# Them things are low



## nate (Dec 24, 2001)

Since my car is lowered, I usually have no problem seeing other cars when parallel parking.

Today, I park in front of a 360 Stradale. Those are some low cars. I could only see the top half of the windscreen and the roof. Tough to judge from that perspective.

No, I didn't back into it.


----------



## Mr. The Edge (Dec 19, 2001)

the elise is >3 inches lower


----------



## nate (Dec 24, 2001)

atyclb said:


> the elise is >3 inches lower


 I'd take the fatass Ferrari.


----------



## Mr.
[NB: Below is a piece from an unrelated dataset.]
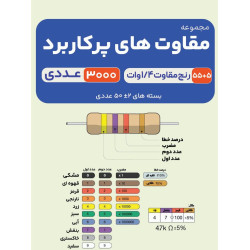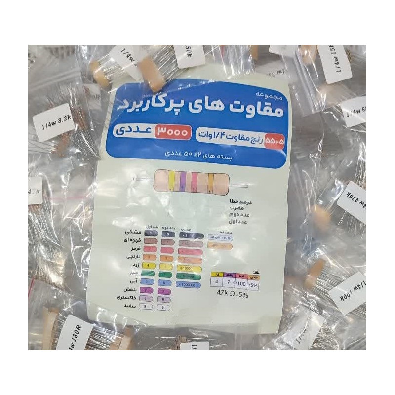 60 رنج پر کاربرد از مقاومتهای 1/4 وات هر رنج به تعداد 50 عدد بسته بندی جداگانه مجموع 3000 عدد مقاومت
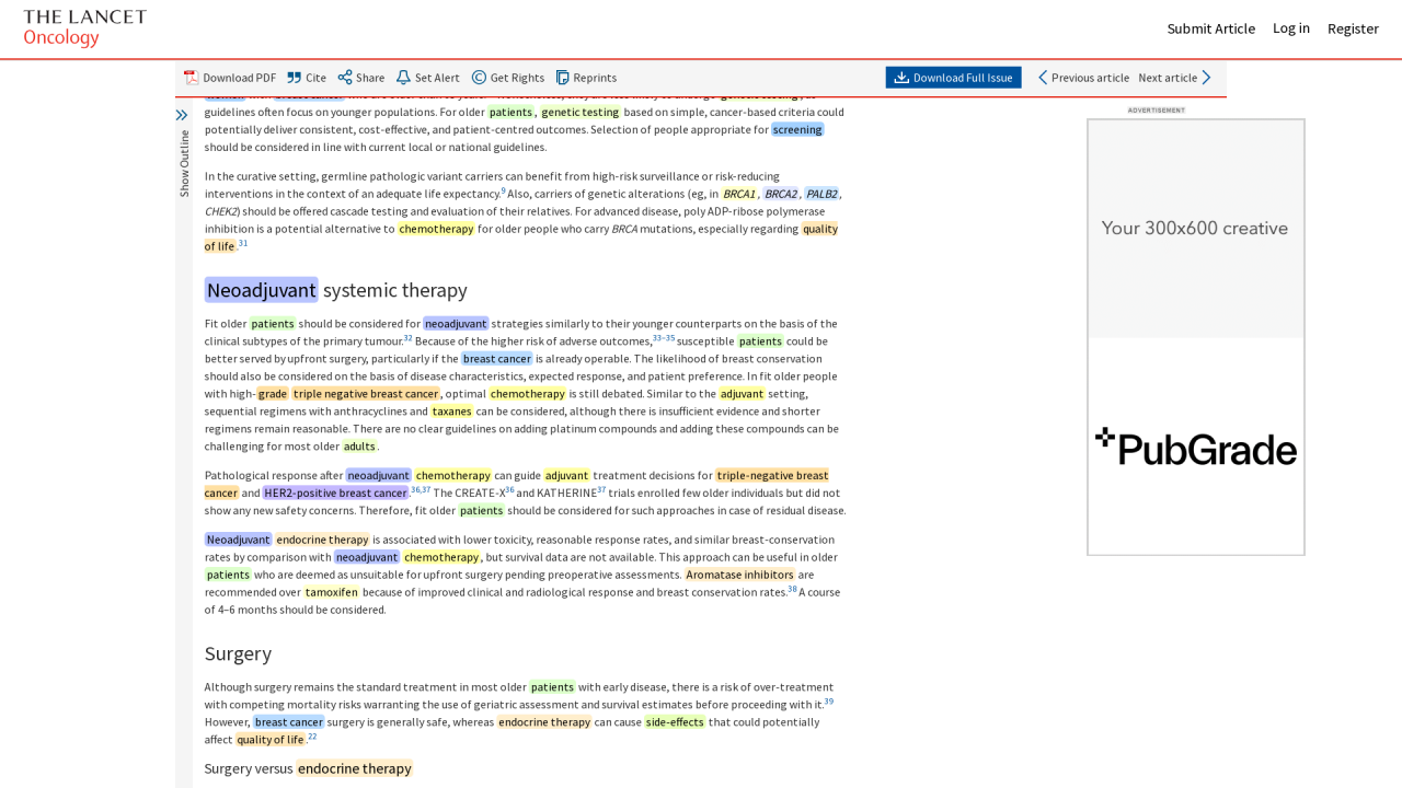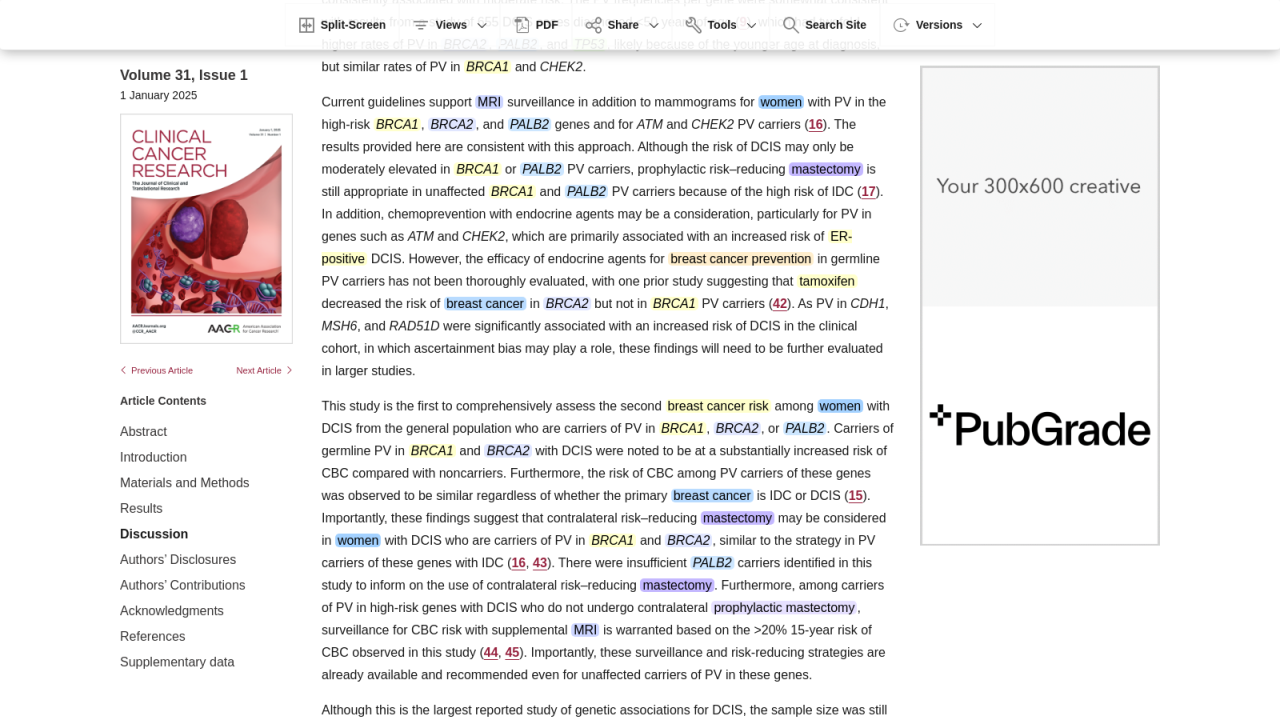- Appear next to hyper-relevant scientific articles on oncology and breast cancer.

The Edge (Dec 19, 2001)

nate said:


> I'd take the fatass Ferrari.


you can't afford it


----------



## nate (Dec 24, 2001)

atyclb said:


> you can't afford it


 How do you know?


----------



## Mr. The Edge (Dec 19, 2001)

nate said:


> How do you know?


you don't have a job

---oh...trust fund baby?


----------



## nate (Dec 24, 2001)

atyclb said:


> you don't have a job


Yes, I do.


----------



## The Roadstergal (Sep 7, 2002)

I have yet to come across a lower car than mine on the street. I look at people's suspensions and exhausts a lot.


----------



## Mr. The Edge (Dec 19, 2001)

nate said:


> Yes, I do.


what do you do? :dunno:


----------



## Mr. The Edge (Dec 19, 2001)

The Roadstergal said:


> I have yet to come across a lower car than mine on the street. I look at people's suspensions and exhausts a lot.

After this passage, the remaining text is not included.